*What you should do*
Transcribe only the part of the material below that begins at the line containing "4. Замесва се" and ends at the line containing "A huswif is", with both kept and images left out.

*Records for the exercise*
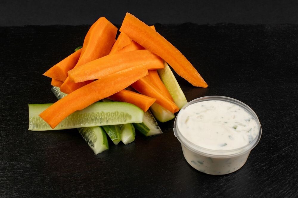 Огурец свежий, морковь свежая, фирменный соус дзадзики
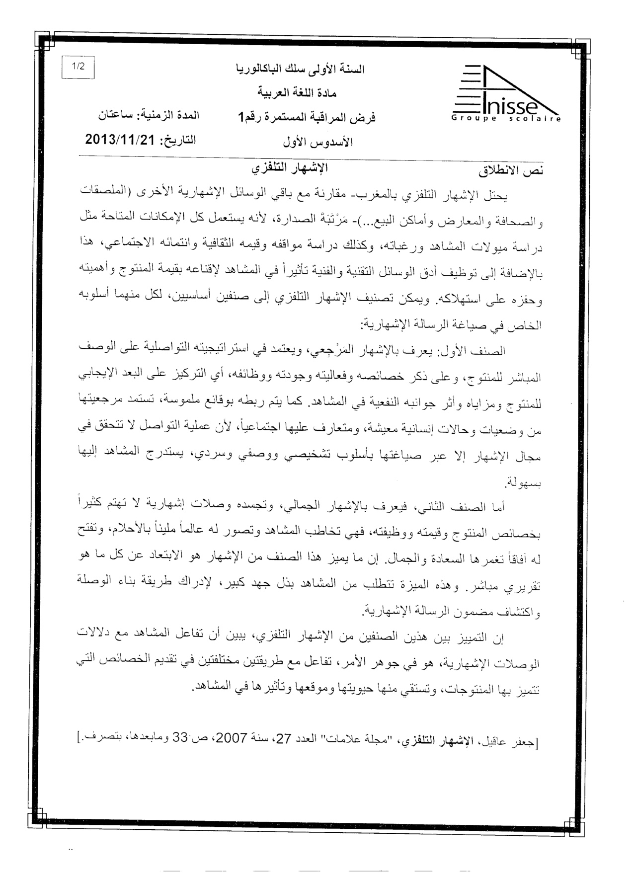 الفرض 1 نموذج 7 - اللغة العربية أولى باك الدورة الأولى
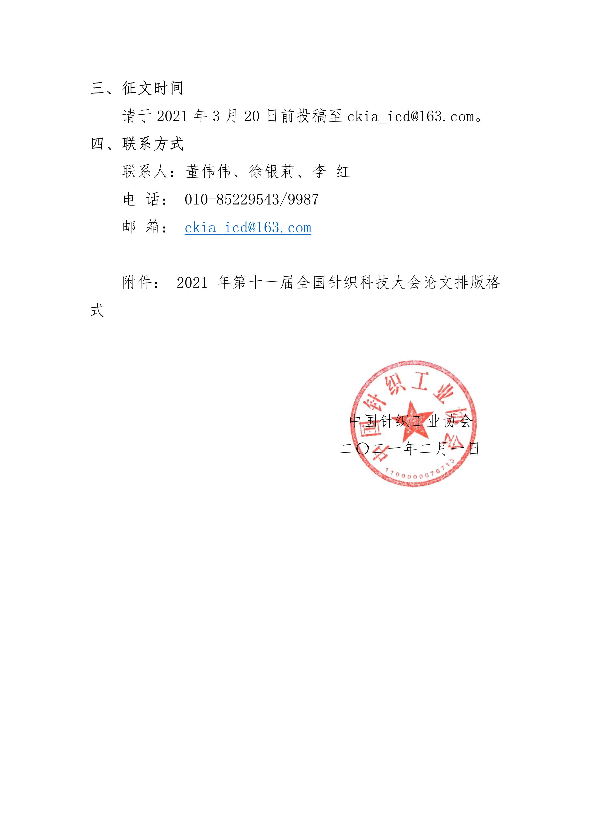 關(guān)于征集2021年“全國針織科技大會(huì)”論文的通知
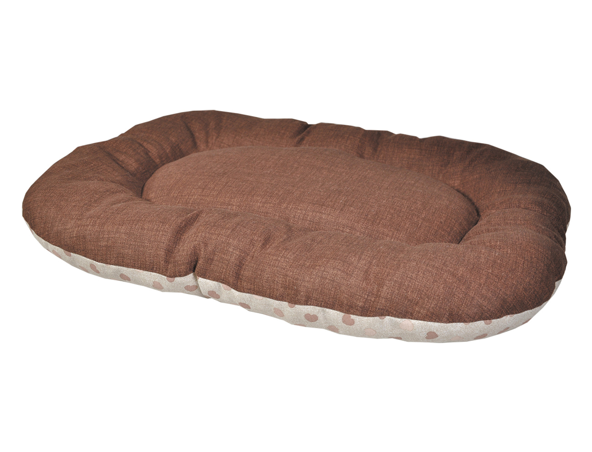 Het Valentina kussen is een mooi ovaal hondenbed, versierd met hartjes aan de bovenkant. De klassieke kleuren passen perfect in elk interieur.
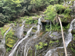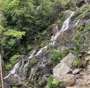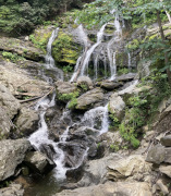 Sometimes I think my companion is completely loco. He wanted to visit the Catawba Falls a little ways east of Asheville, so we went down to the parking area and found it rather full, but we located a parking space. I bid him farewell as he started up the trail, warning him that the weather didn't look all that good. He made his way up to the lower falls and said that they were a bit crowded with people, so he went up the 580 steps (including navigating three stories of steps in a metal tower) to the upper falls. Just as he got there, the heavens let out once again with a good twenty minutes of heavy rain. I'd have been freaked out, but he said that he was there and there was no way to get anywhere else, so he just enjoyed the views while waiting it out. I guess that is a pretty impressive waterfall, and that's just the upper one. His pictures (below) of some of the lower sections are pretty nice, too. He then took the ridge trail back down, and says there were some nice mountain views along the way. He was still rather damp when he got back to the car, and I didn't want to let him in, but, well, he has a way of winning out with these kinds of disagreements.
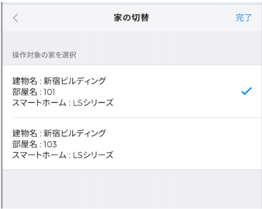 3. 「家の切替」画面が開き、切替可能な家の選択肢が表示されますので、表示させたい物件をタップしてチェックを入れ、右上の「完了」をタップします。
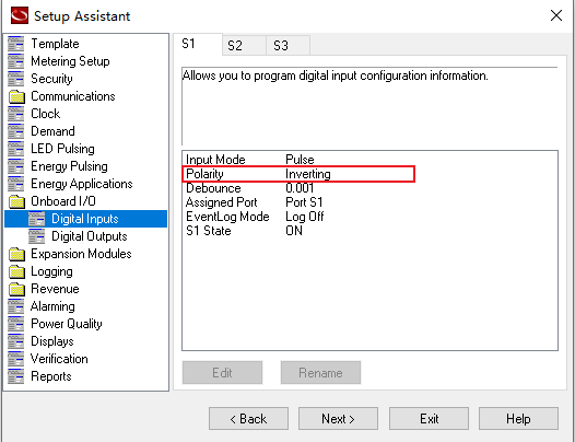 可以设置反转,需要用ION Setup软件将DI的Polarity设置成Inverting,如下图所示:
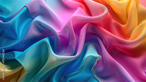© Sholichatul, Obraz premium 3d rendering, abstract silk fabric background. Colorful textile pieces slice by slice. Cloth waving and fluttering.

==

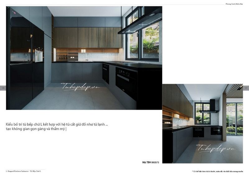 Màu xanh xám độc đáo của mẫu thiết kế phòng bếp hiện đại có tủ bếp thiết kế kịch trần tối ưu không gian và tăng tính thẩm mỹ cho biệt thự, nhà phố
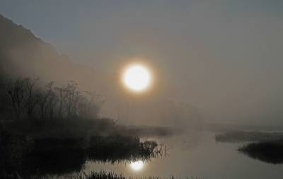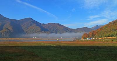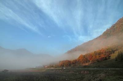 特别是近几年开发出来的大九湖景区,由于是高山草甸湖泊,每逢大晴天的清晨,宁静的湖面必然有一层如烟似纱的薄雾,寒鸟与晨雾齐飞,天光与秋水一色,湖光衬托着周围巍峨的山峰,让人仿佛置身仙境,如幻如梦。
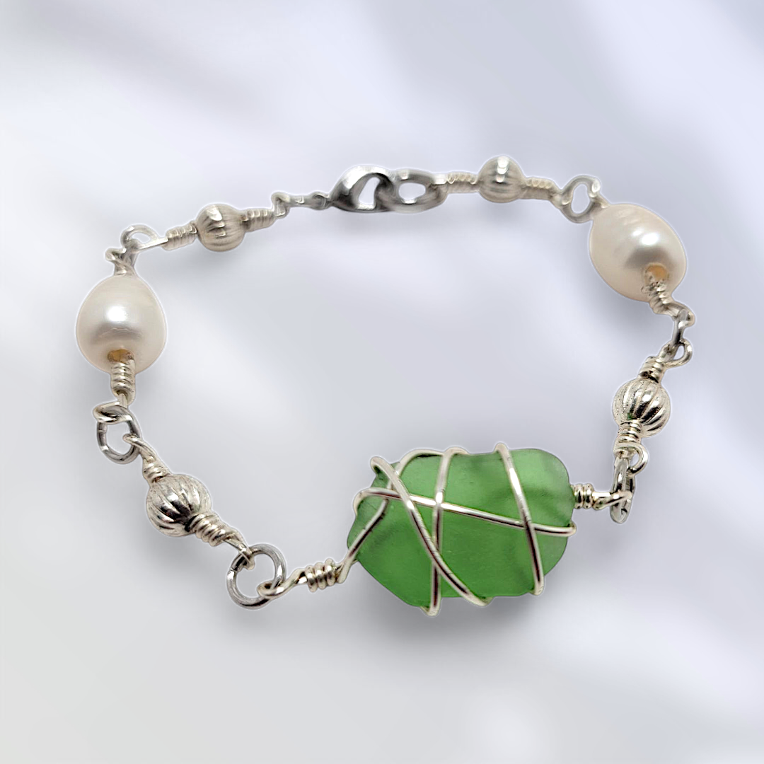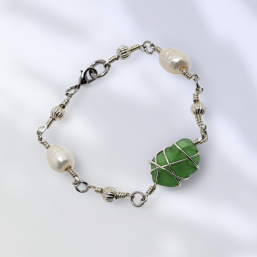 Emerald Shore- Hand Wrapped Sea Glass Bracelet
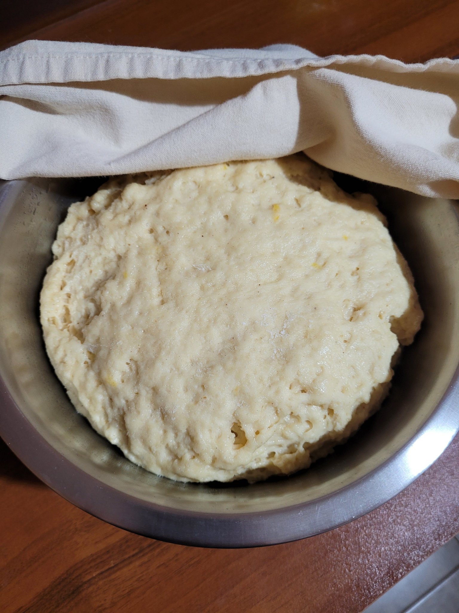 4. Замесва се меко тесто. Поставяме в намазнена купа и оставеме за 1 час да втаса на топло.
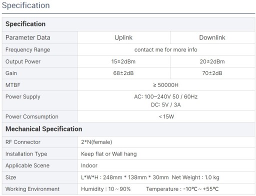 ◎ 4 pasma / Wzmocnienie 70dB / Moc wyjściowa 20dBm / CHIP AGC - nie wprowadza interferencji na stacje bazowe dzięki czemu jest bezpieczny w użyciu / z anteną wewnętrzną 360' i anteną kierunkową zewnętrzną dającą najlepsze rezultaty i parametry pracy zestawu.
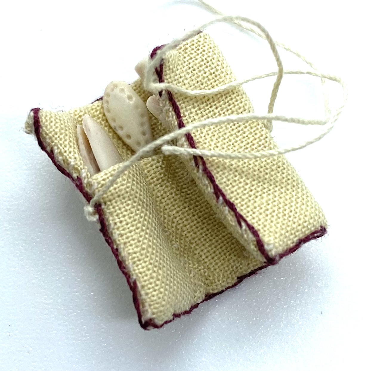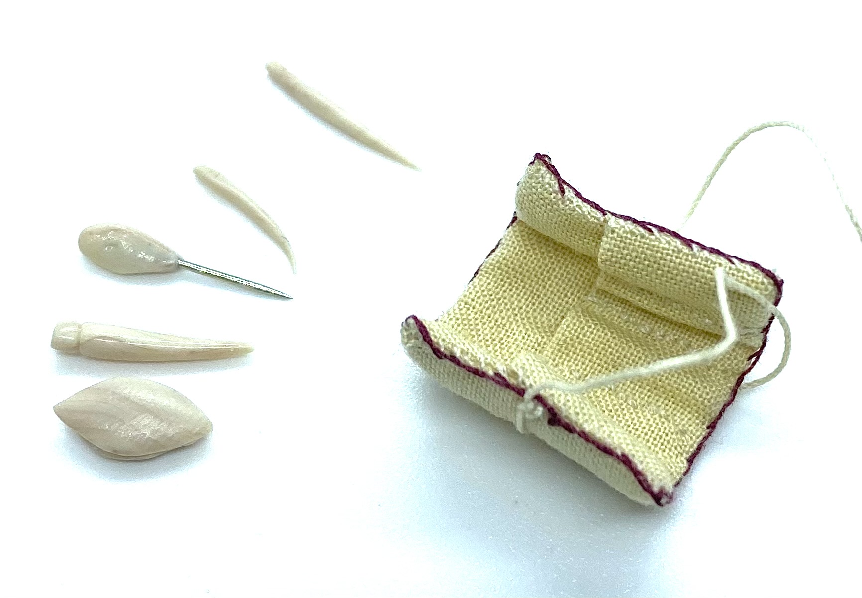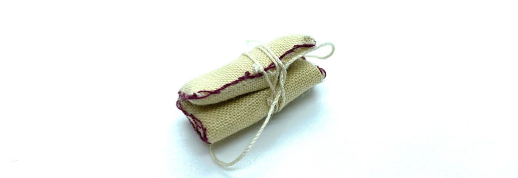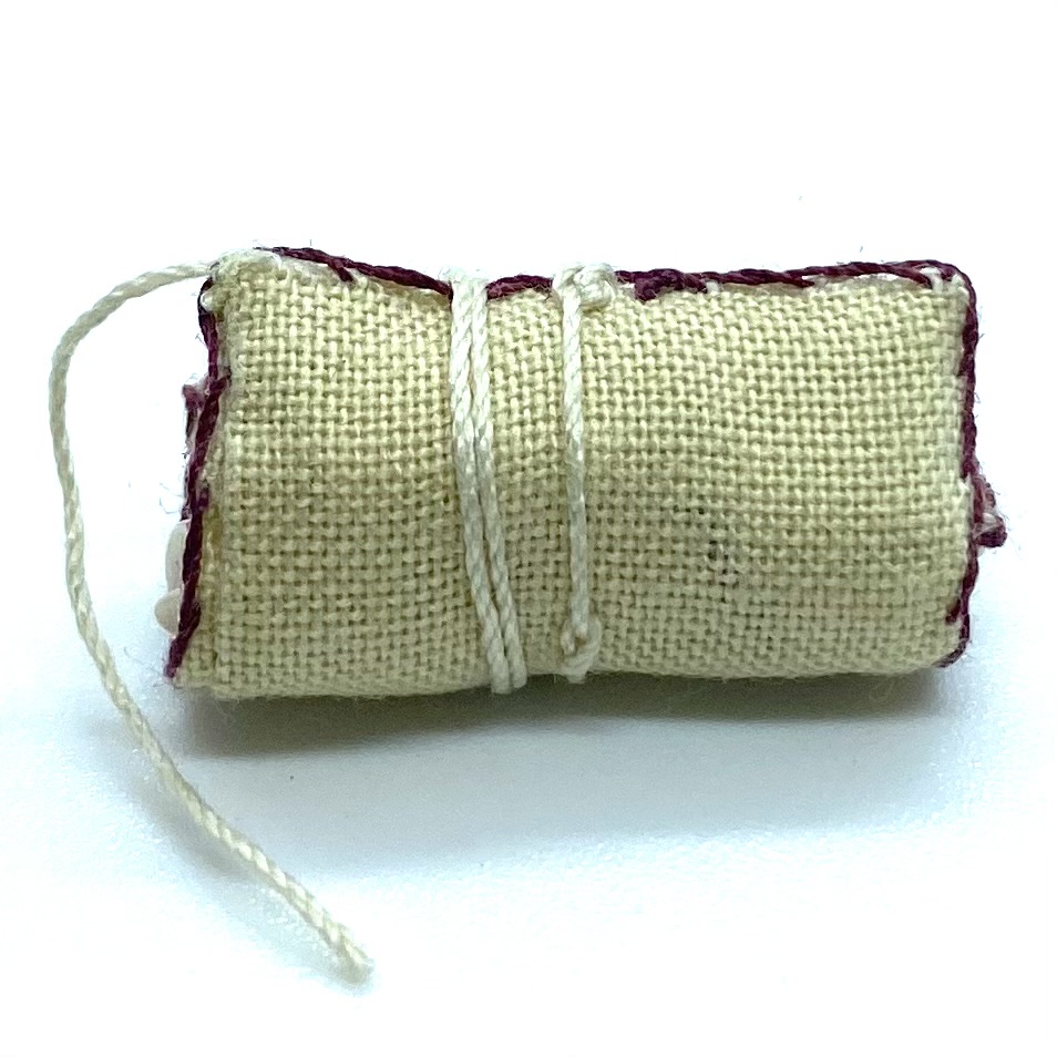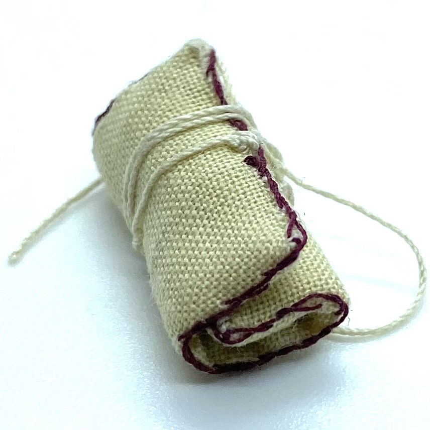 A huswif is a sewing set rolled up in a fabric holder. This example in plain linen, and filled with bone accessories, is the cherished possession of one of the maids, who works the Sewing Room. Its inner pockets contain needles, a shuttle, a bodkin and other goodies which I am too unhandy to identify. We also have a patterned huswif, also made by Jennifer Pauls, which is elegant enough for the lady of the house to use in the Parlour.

*Answer for this exercise*
 4. Замесва се меко тесто. Поставяме в намазнена купа и оставеме за 1 час да втаса на топло.
 ◎ 4 pasma / Wzmocnienie 70dB / Moc wyjściowa 20dBm / CHIP AGC - nie wprowadza interferencji na stacje bazowe dzięki czemu jest bezpieczny w użyciu / z anteną wewnętrzną 360' i anteną kierunkową zewnętrzną dającą najlepsze rezultaty i parametry pracy zestawu.
 A huswif is a sewing set rolled up in a fabric holder. This example in plain linen, and filled with bone accessories, is the cherished possession of one of the maids, who works the Sewing Room. Its inner pockets contain needles, a shuttle, a bodkin and other goodies which I am too unhandy to identify. We also have a patterned huswif, also made by Jennifer Pauls, which is elegant enough for the lady of the house to use in the Parlour.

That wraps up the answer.